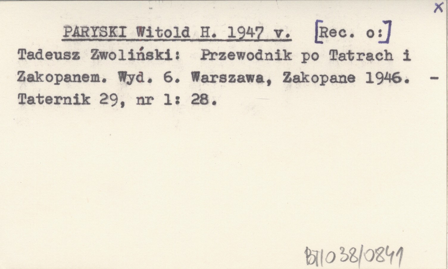 PARYSKI Witold H. 1947 v Tadeusz Zwoliński: Przewodnik po Tatrach i Zakopanem. Wyd. 6. Warszawa, Zakopane 1946.
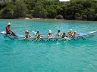 10人でサバニ。ずるしないで漕いでくれ〜 |
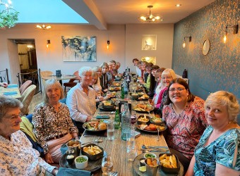 To celebrate our successful and enjoyable riding sessions over the last two terms, our busy group organisers Ann and Joan arranged a social meet up where our volunteers came together to have lunch at the Crooklands Hotel. We were a happy and colourful bunch. It was great to see each other dressed so differently and to have the opportunity for a good old chat.
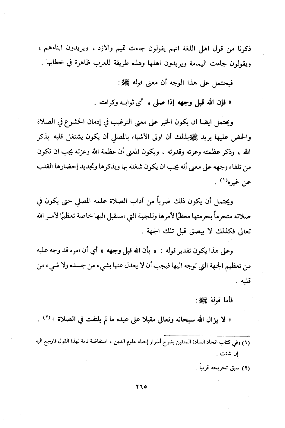 وعَلى هَذَا يكون تَقْدِير قَوْله بِأَن الله قبل وَجهه أَي أَن أمره قد وَجه عَلَيْهِ من تَعْظِيم الْجِهَة الَّتِي توجه إِلَيْهَا فَيجب أَن لَا يعدل عَنْهَا بِشَيْء من جسده وَلَا شَيْء من قلبه
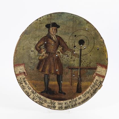 Schützenscheibe mit der Standfigur eines Mannes neben dem Gewehr; im Hintergrund eine Schießscheibe sowie etliche Einschüsse
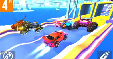 玩家要做的就是控制赛车及时变换赛道来获取各种加速道具或躲避其它车辆,游戏画风新奇并且收集元素众多,玩家可以用金币购买各种车辆并自行设计赛道。
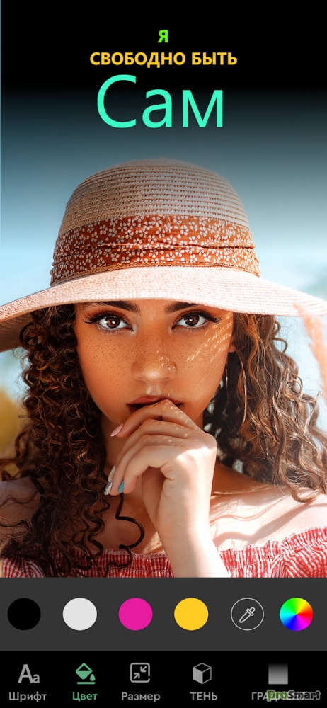 - добавить надписи предоставляет сотни фотографий и выбор однотонных цветов для написания текста на фотографии - добавить текст на фото.
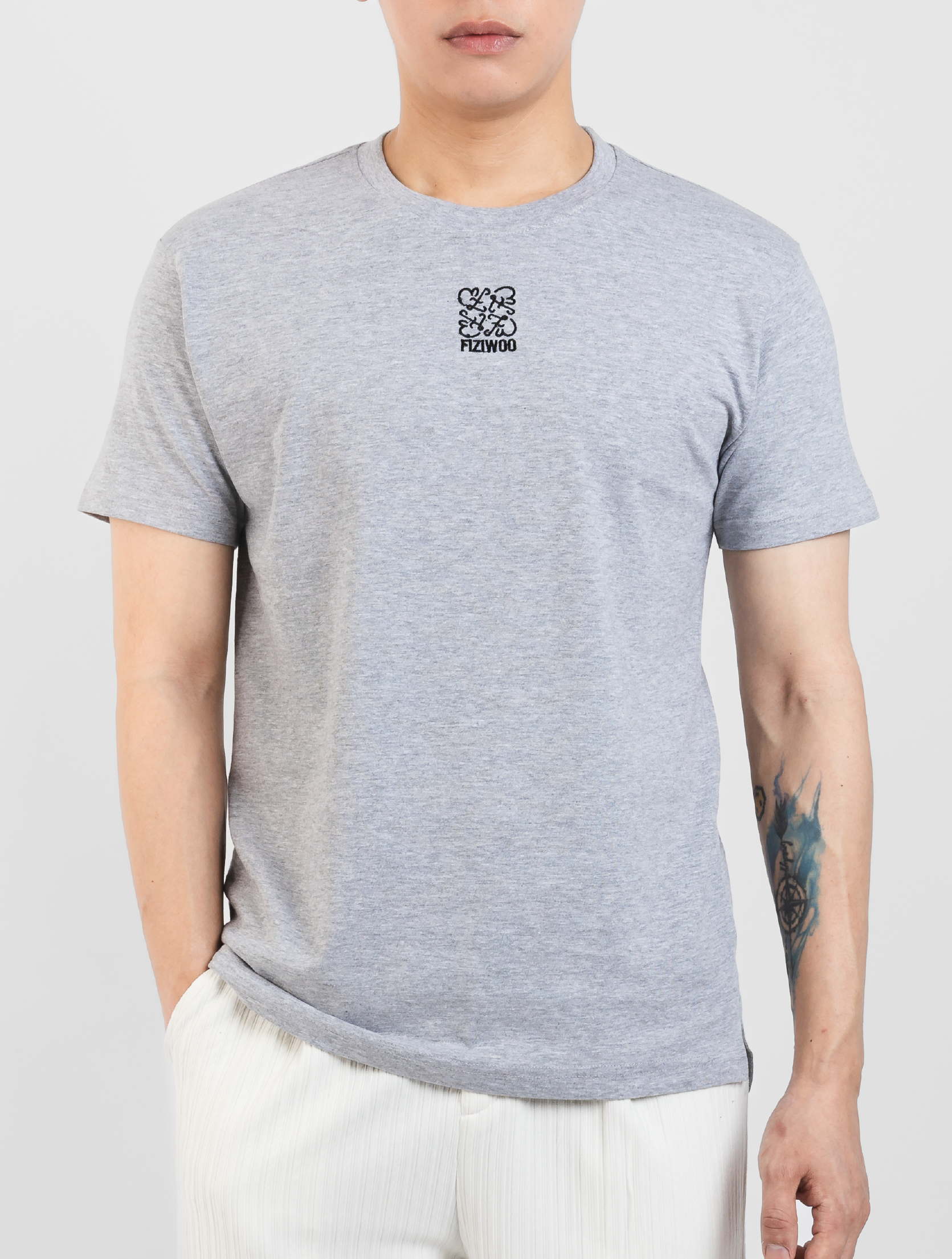 Noa T-Shirt in Grey exemplifies understated elegance with its graceful relaxed silhouette. Distinguished by a refined ribbed crew neck and tastefully embroidered center chest logo, this premium cotton garment delivers a sophisticated aesthetic while ensuring exceptional comfort.
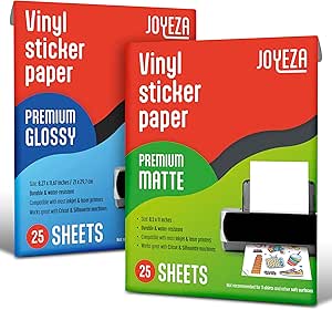 JOYEZA Premium Printable Vinyl Sticker Paper for Inkjet Printer 25

- **WHAT TO DO**: Once the line holding "玩家要做的就是控制赛车及时变" is found, set down that line and every line after it, exactly, through the last line of the records above, omitting pictures.

- **ANSWER FOR THIS EXERCISE**:
 玩家要做的就是控制赛车及时变换赛道来获取各种加速道具或躲避其它车辆,游戏画风新奇并且收集元素众多,玩家可以用金币购买各种车辆并自行设计赛道。
 - добавить надписи предоставляет сотни фотографий и выбор однотонных цветов для написания текста на фотографии - добавить текст на фото.
 Noa T-Shirt in Grey exemplifies understated elegance with its graceful relaxed silhouette. Distinguished by a refined ribbed crew neck and tastefully embroidered center chest logo, this premium cotton garment delivers a sophisticated aesthetic while ensuring exceptional comfort.
 JOYEZA Premium Printable Vinyl Sticker Paper for Inkjet Printer 25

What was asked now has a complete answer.